There were times while playing SOMA that I didn’t even really want to think of it as an adventure game, not in the strictly classic sense anyway. The puzzles in the game barely really qualify as puzzles. Sometimes you have to figure out where to find a thing to put in another thing, but usually that just involves basic exploration and reading the environment. The game straight-up tells you where important things are, it just does so in a way that’s a lot more subtle than “press X at the glowing thing.”
Without a whole lot of enemies or tough puzzles, one might call SOMA a walking simulator like Dear Esther or Gone Home. SOMA still has you “doing” a lot though. You can interact with most objects you see, and progressing involves pressing a lot of buttons and turning a lot of nobs. If SOMA is a walking simulator, it’s a walking simulator with just enough physical interaction to keep the player engaged in what’s going on or better yet, trick them into thinking they’re playing a full-blown adventure game or survival horror.
Two other games I played this year that feel similar are The Charnel House Trilogy and Her Story.

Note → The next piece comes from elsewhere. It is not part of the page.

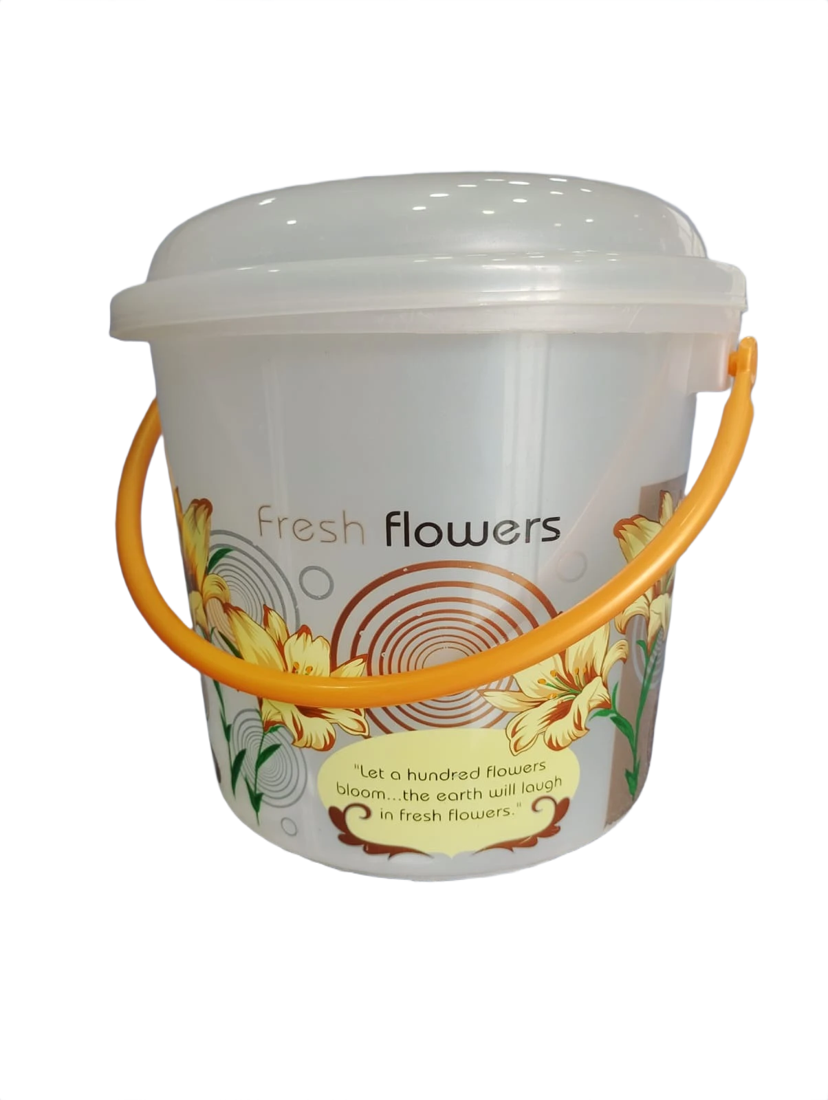 This plastic bucket is useful for everyday storage. It is made from strong plastic and is easy to carry. The bucket comes with a lid that keeps the items inside safe from dust and dirt.

Her Story got flack for pretty much just being a bunch of low-resolution AVI videos (that you can literally just find in the game files), but finding them with the game’s search engine unfolded the story in a really cool way and offered just enough interaction to create something unique. Honestly, using that search tool felt more detective-like than many fuller games that tried to convey detective elements. Charnel House takes the format of classic point n’ click adventure games but is very light on puzzles and really just has you click on things to progress a story. It’s not that different from a visual novel really, but I still appreciate and value the fact that it lets you control a character and explore environments. Sometimes I feel like just that by itself is enough to create a compelling interactive experience if the context is interesting enough, even if there isn’t any danger or problem solving. This is what you spend most of your time in SOMA doing, but it’s enhanced by a world that’s physically-based in a way very similar to the original Deus Ex or System Shock 2. It’s like “if System Shock 2 was a walking simulator.”

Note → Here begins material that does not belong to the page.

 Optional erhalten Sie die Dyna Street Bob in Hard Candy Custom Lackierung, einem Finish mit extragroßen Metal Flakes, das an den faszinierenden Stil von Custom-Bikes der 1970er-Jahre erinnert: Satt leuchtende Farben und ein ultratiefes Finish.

Call it all “interactive fiction” if you want, but interactive fiction is probably what a lot of people want. I want more interactive fiction that still let’s you pretend you’re in a virtual place. SOMA does this excellently.
I guess Gone Home kind of does the same thing — you just explore a house that’s set up as a physically-based environment, and it doesn’t even try to have “conventional game” stuff in it. Its developer even claimed to have borrowed System Shock 2’s design elements. I guess I just think SOMA had a more compelling and interesting story to be discovered in its particular environment. On the other end of this PH scale is Alien: Isolation which pretty much tried to be Anmesia in the Alien universe. It and SOMA ended up landing on very similar notes, but in my opinion the “conventional game” elements of Isolation felt a bit forced. Likely because of its budget, it had to have enemies other than the Alien, it had to have a crafting system, it had to have a bunch of hacking minigames. Perhaps if it had been a braver game Isolation would have been just like SOMA but with a fancier graphics engine and an Alien that occasionally shows up.

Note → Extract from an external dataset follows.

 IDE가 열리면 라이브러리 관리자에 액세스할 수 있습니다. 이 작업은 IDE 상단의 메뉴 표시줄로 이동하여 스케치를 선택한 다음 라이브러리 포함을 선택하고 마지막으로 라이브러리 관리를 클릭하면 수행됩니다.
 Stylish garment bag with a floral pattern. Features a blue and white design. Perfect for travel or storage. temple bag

Whatever happens, I hope more developers keep pushing in this walking simulator direction, but I hope they do it with more interactive worlds to really sell the idea of exploration. The next upcoming interesting prospects in this regard are Tacoma, ADR1FT, and Firewatch. Maybe one day developers will figure out that the physical interaction some games need doesn’t necessitate combat or even any kind of difficulty.